The article caused an uproar in India, with lawmakers demanding the location of the nuclear device be revealed and calling for political accountability. The same year, then Prime Minister Morarji Desai set up a committee to assess whether nuclear material in the area near Nanda Devi could pollute the Ganges River, which originates there.

The Ganges is one of the world’s most crucial freshwater sources, with about 655 million people in India, Nepal, and Bangladesh depending on it for their essential needs.

The committee, chaired by prominent scientists, submitted its report a few months later, dismissing any cause for concerns, and establishing that even in the worst-case scenario of the device’s rupture, the river’s water would not be contaminated.

But for the villagers, the fear that the shell containing radioactive plutonium could break apart never goes away, and peace may only come once it is found.

Many believe the device, trapped within the glacier’s shifting ice, may have moved downhill over time.

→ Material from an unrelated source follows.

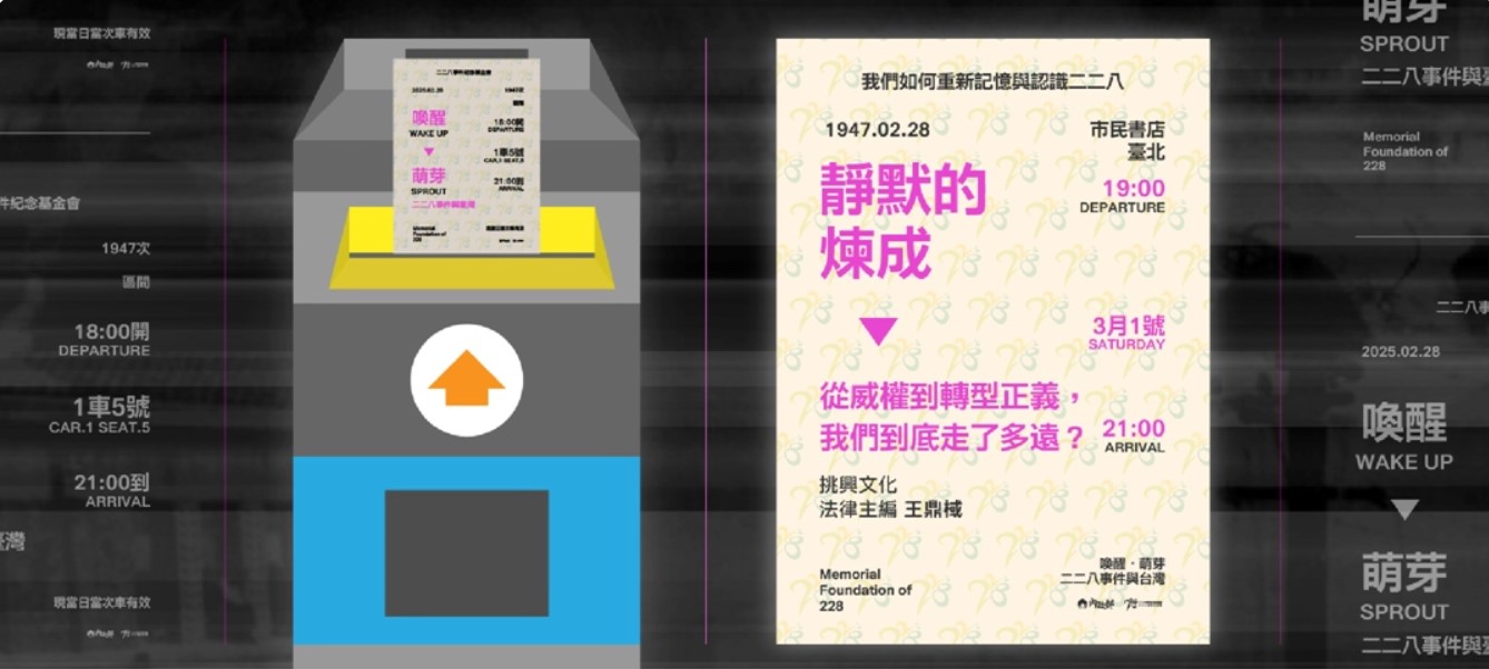 活動名稱【二二八事件紀念基金會】 《靜默的煉成:從威權到轉型正義,我們到底走了多遠?》 (3/1)活動簡介本系列【喚醒。萌芽—二二八事件與台灣巡迴講演】,將於全台北、中、南、東部各地區舉辦共計 12 場次,講座分為兩大主軸「我們如何重新記憶與認識二二八」與「遍地開花:各地的二二八」,並透過各領域不同從業人員與專業研究者,希望能在事件屆滿78週年之際,邀請大家認識二二八與轉型正義的各種面向,進而對這個造成台灣社會深遠影響的龐雜事件,有更深、更廣的啟發與思考。➫ 喚醒。萌芽—二二八事件與台灣巡迴講演➬

Rana’s father told him that the device felt hot when it was carried, and he believed it might have melted its way into the glacier, remaining buried deep inside.

An imposing mass of rock and ice, Nanda Devi at 7,816 m is the second-highest mountain in India after Kangchenjunga. 

When a glacier near the mountain burst in 2021, claiming over 200 lives, scientists explained that the disaster was due to global warming, but in nearby villages the incident was initially blamed on a nuclear explosion.

“They feared the device had burst. Those rescuing people were afraid they might die from radiation,” Rana said. “If any noise is heard, if any smoke appears in the sky, we start fearing a leak from the nuclear device.”

The latent fear surfaces whenever natural disasters strike or media coverage puts the missing device back in the spotlight. Most recently, a New York Times article on the CIA mission’s 60th anniversary reignited the unease.

“The apprehensions are genuine. After 1965, Americans came twice to search for the device. The villagers accompanied them, but it could not be found, which remains a concern for the local community,” said Atul Soti, an environmentalist in Joshimath, Uttarakhand, about 50 km from Nanda Devi.

“People are worried. They have repeatedly sought answers from the government, but no clear response has been provided so far. Periodically, the villagers voice their concerns, and they need a definitive government statement on this issue.”

Despite repeated queries whenever media attention arises, Indian officials have not released detailed updates since the Desai-appointed committee submitted its findings.

“The government should issue a white paper to address people’s concerns. The white paper will make it clear about the status of the device, and whether leakage from the device could pollute the Ganges River,” Soti told Arab News.

“The government should be clear. If the government is not reacting, then it further reinforces the fear.”